Brutally Direct
The Steve Jobs approach: Product-obsessed, emotionally intense, no corporate jargon.
"I'm sure you realize the asymmetry in the financial resources of our respective companies when you say: 'We will both just end up paying a lot of lawyers a lot of money.'"— Steve Jobs to Palm CEO
The Philosophy
The Steve Jobs tonality is based on internal Apple emails revealed through litigation. It's characterized by an almost uncomfortable level of directness - the kind that comes from someone who genuinely believes their product is better and respects you enough to tell you the truth.
Jobs didn't use filler. He didn't soften. He stated facts, created urgency through vision, and let the product speak. When he needed leverage, he used it openly. When he believed something, he said it with conviction that made you question your doubts.
Key Characteristics
- •Short, declarative sentences. One idea per sentence.
- •No corporate jargon or filler words.
- •High emotional intensity - passion, urgency, even frustration.
- •Product as the hero. Let the work speak.
- •Willing to use power asymmetry as leverage.
When to Use
- • High-stakes deals needing urgency
- • Cutting through bureaucracy
- • Premium product positioning
- • Product-focused technical buyers
When NOT to Use
- • Early relationship building
- • Consensus-driven organizations
- • When you lack product superiority
- • Risk-averse regulated industries
Copy-Paste Prompts
Cold Email Prompt
Write a cold email with Steve Jobs directness
Write a cold email in the Steve Jobs style. Context: - Recipient: [NAME, TITLE at COMPANY] - Their situation: [WHAT YOU KNOW ABOUT THEM] - My product: [WHAT I'M SELLING] - Key differentiator: [WHAT MAKES IT SPECIAL] Steve Jobs Rules: - Short, declarative sentences. One idea per sentence. - No corporate jargon. No filler words. No "I hope this finds you well." - High emotional intensity - passion, urgency, even frustration if warranted - Product as the hero.
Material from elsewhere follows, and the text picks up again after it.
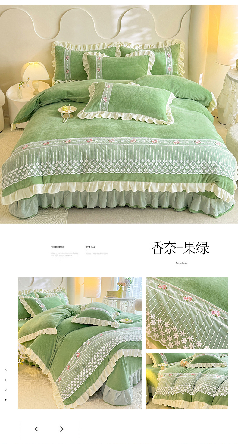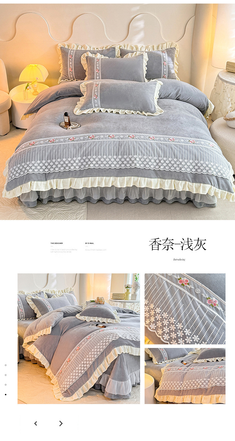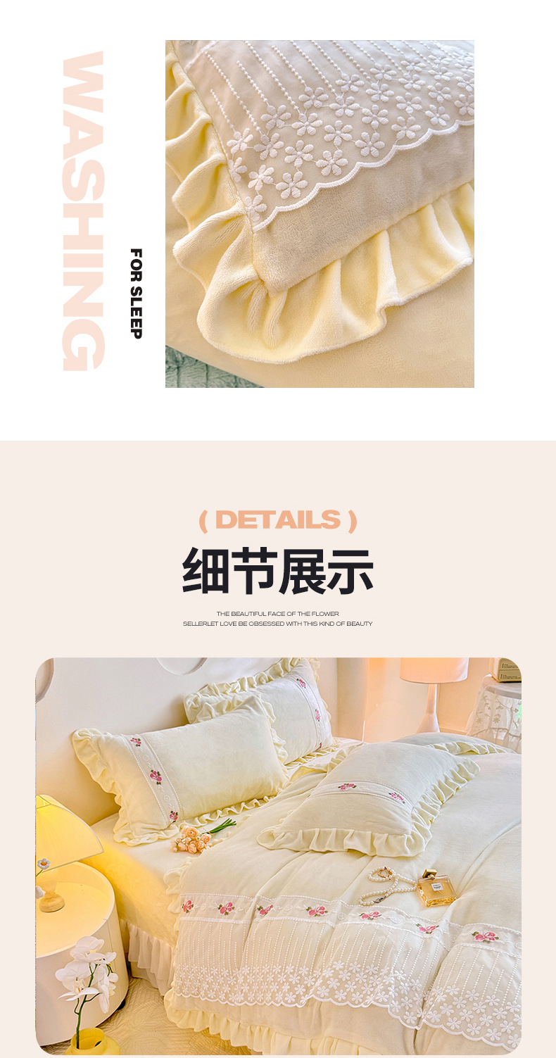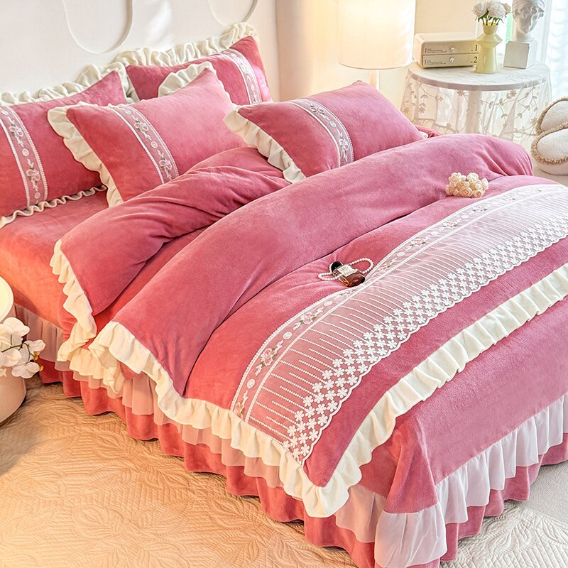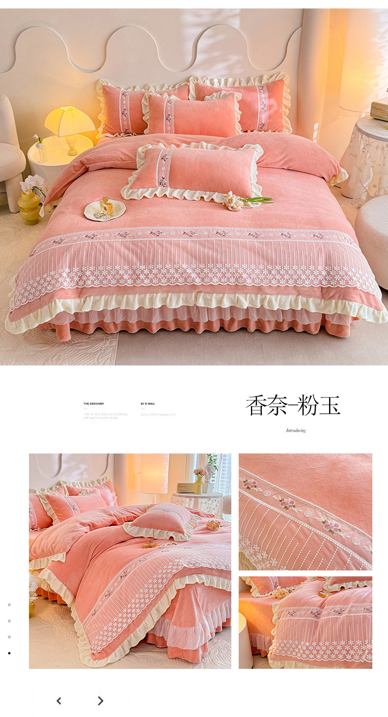 공주 스타일 자수 우유 벨벳 침대 스커트 4 피스 세트 레이스 베이비 벨벳 퀼트 커버 싱글 베이비 바이트

Let the work speak. - Be willing to challenge their current approach directly - Create urgency through vision, not artificial deadlines - Subject line: 5 words max, no clickbait, states the point The email should feel like it was written by someone who genuinely believes their product is better and respects the recipient enough to be direct about it.
Discovery Call Prompt
Run a discovery call with Jobs-level directness
Generate discovery call questions in the Steve Jobs style.
Context:
- Prospect: [COMPANY NAME]
- Their role: [TITLE]
- What they currently use: [COMPETITOR/CURRENT SOLUTION]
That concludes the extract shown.